Наиболее распространенный «аргумент» против внедрения бесцеховой структуры – слабая проработанность типового проекта профильным институтом в отношении структуры управления станцией. Это правда, но не вся.
Первое. Отмеченная слабость типового проекта не является однозначной виной проектировщика. Техзадание формировала госкорпорация Росатом при участии, разумеется, руководства концерна Росэнергоатом. Госкорпорация и принимала проект, оплатив по немалым счетам и подписав все нужные документы.
Одно из двух: либо подписали прием проекта не читая, что в нем написано, либо приняли «на авось», в расчете на то, что по ходу дела «все рассосется» – проект как-нибудь доведется до ума или вернется к цеховой схеме.
Как показали события с двумя новыми строящимися АЭС, которые по-тихому развернули на цеховую колею, последний вариант – возвращение к цеховой структуре – оказался реалистичным вопреки здравой логике и даже чувству самосохранения лиц, принимающих решения.

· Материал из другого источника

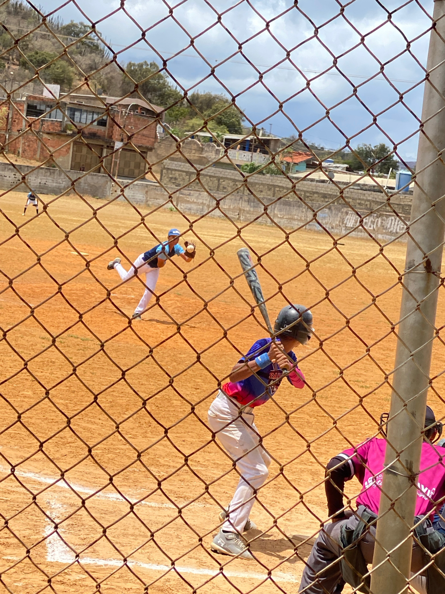 The image captures a baseball game in progress, viewed through a chain-link fence. A batter in a blue and pink uniform swings at a pitch, while a fielder in blue prepares to catch the ball. An umpire…read more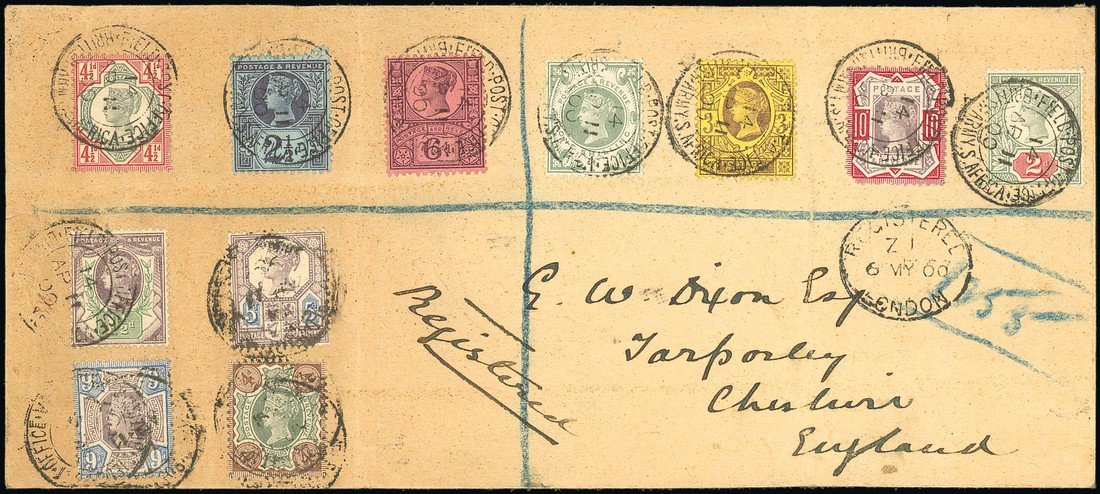 1900 (6 May) envelope (creases) registered to England, bearing 1887-92 1½d. to 1/- (eleven values, 10d. with rounded corner) with "field post office b.o./british army south africa" cancellations. S.G. Z4-14. Photo

Одна из фундаментальных причин столь нетривиального игнорирования проектных предписаний – в архаической структуре госкорпорации.

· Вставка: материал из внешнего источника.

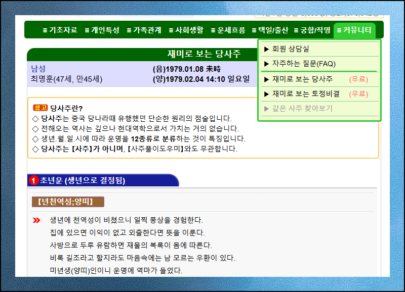사주풀이 무료 만세력 사이트, 평생운세부터 월별운세까지 한눈에 보기
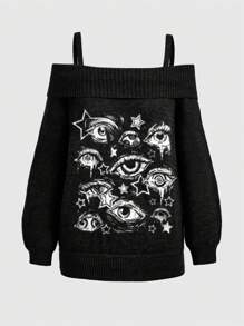 Goth Plus Size Women's Off Shoulder Vintage Eye Intarsia Pattern Loose Sweater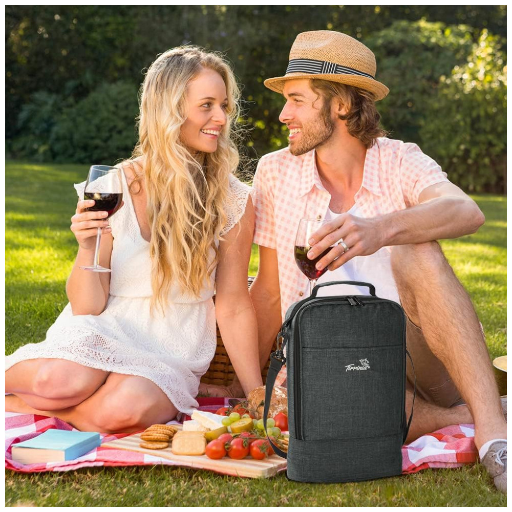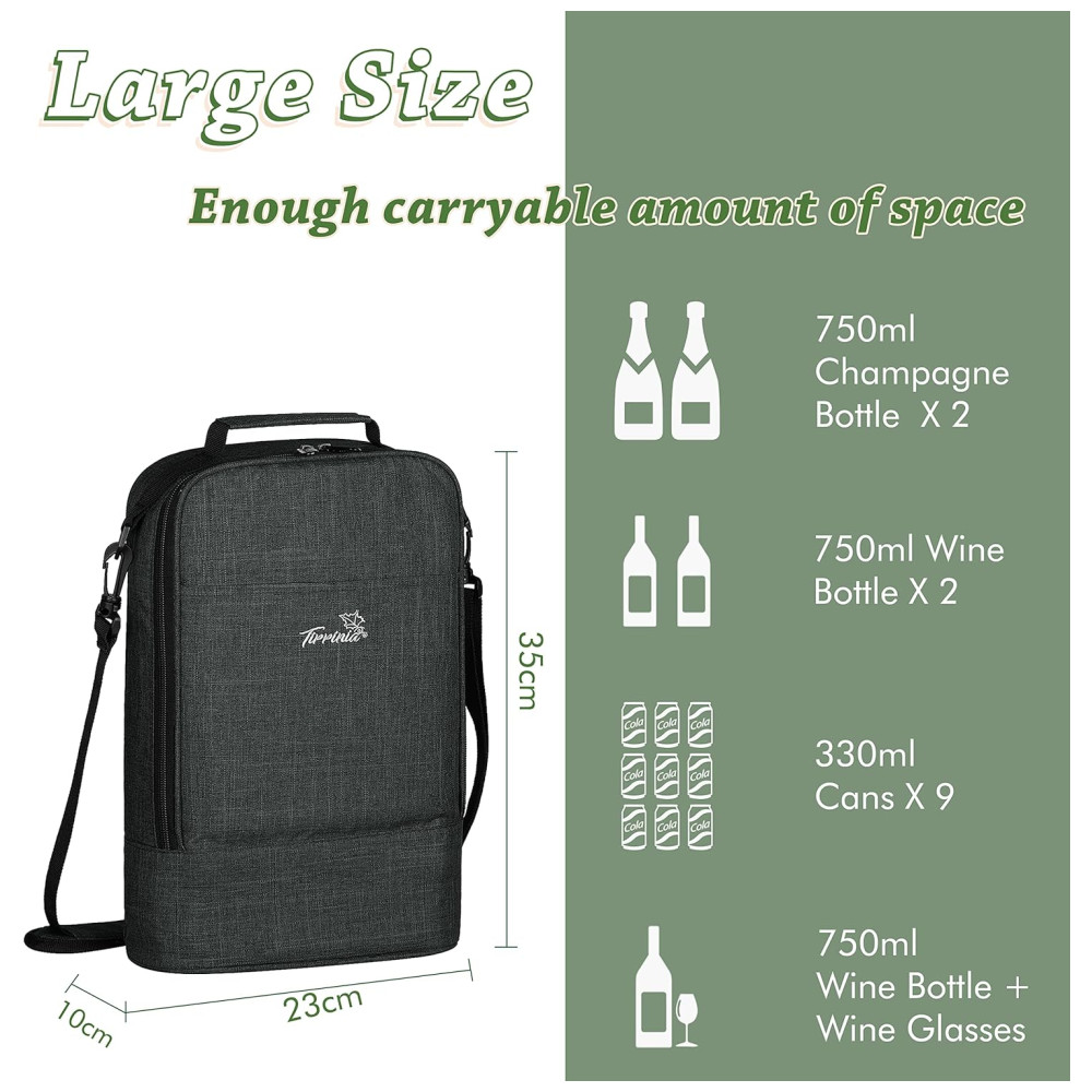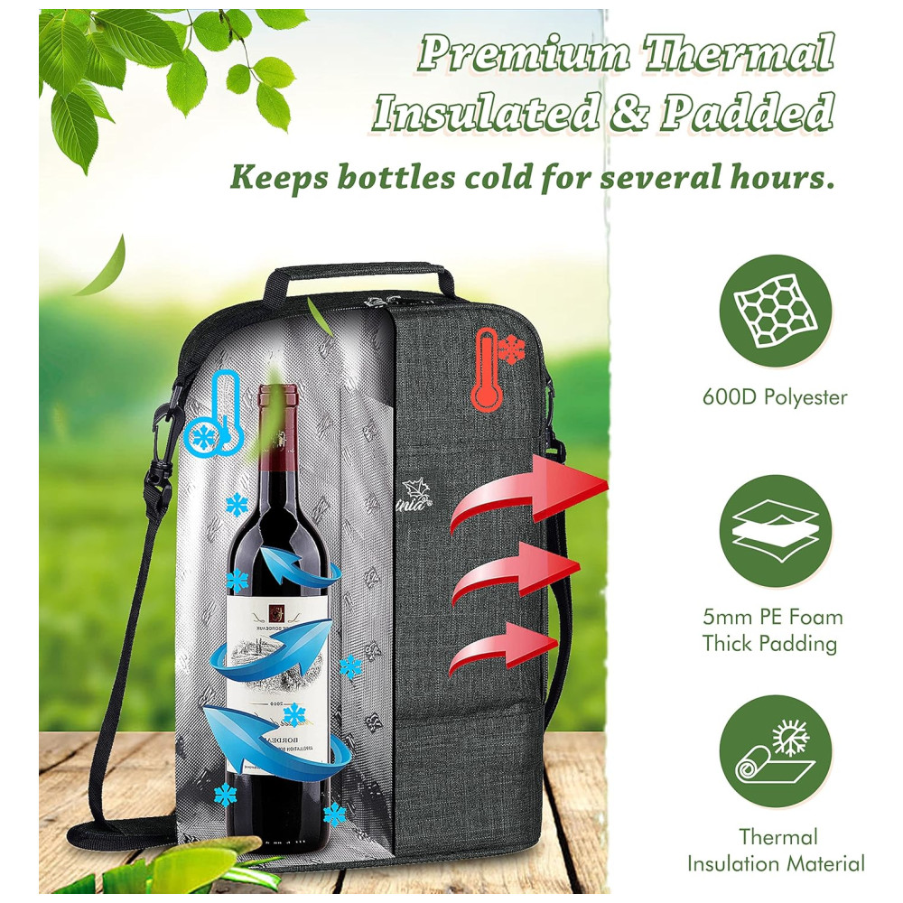 ACOLCHOADO E ISOLADO TÉRMICO Material com isolamento térmico de PU e enchimento de espuma PE de 5mm protegem suas garrafas de vinho de colisões externas, mantenha 2 garrafas de vinho intactas e bem refrigeradas por horas.

Госкорпорация выступает в триединой роли заказчика, исполнителя и приемщика продукции – будь то проект или строительство энергоблока. Все важнейшие процессы осуществляются под одной крышей, под монопольным руководством единственного лица, назначенного правительством, то есть принцип «разделения властей» здесь не может работать по определению.

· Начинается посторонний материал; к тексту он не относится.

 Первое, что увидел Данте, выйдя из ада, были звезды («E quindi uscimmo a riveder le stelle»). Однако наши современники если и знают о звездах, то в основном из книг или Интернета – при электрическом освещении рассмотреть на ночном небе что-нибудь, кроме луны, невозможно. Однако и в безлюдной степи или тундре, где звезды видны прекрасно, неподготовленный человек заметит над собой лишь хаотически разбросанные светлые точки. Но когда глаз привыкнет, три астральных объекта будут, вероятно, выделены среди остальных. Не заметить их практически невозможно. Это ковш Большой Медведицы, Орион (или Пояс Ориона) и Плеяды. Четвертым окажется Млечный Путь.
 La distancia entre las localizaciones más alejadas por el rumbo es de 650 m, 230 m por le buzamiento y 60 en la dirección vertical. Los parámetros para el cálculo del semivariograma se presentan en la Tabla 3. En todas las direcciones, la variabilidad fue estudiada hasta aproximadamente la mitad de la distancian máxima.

Такая структура чрезвычайно громоздка и плохо управляема, а главное, всегда есть соблазн «семейного», кулуарного решения сложных вопросов, сокрытия и несвоевременного разрешения назревших проблем.
Недавно правительством России принята к исполнению новая структура управления космической отраслью. В ее основу положен принцип «разделения властей»: Роскосмос разделяется на две части. Одна представляет государственного заказчика продукции отрасли, разрабатывает стратегию ее развития и контролирует качество конечного продукта. Другая производит продукцию отрасли посредством системы проектных, конструкторских и производственных предприятий, названных объединенной ракетно-космической корпорацией (ОРКК).
Уверен, что такая относительно демонополизированная система, где установлены два центра власти с несовпадающими функциями, изначально более эффективна по сравнению с системой госкорпорации. В системе «заказчик – исполнитель» гораздо труднее представить ситуацию, когда госзаказчик ссылается на «сырость» уже принятого им проекта. Такая ссылка означала бы публичное признание недееспособности данного органа.
Возможно, в интересах дела реформированная структура космической отрасли была бы вполне полезной и для атомной отрасли.
Второе. Типовой проект не связывает руки эксплуатирующей организации (Росэнергоатом), а предоставляет ей возможность проявить собственную инициативу в адаптации изложенной в проекте схемы управления к конкретным условиям строящейся станции. В отличие от проектного института, в центральном аппарате эксплуатирующей организации есть необходимые интеллектуальные, финансовые и иные ресурсы для самостоятельной доводки структуры бесцехового управления до нужной кондиции, о чем свидетельствуют сам факт открытия проекта «Бесцеховая структура», его цель и задачи.
Проект имел целью подготовку нормативной документации для строящейся, а не действующей АЭС. Это значительно облегчало задачу внедрения новой для российской атомной энергетики структуры, поскольку позволяло заранее обучить персонал и набирать его сразу в новые подразделения и на новые должности. И лишь в дальнейшем, с учетом наработанного опыта становления и апробирования бесцеховой структуры на новой АЭС, начать работу по переводу структур управления действующих станций на бесцеховую схему.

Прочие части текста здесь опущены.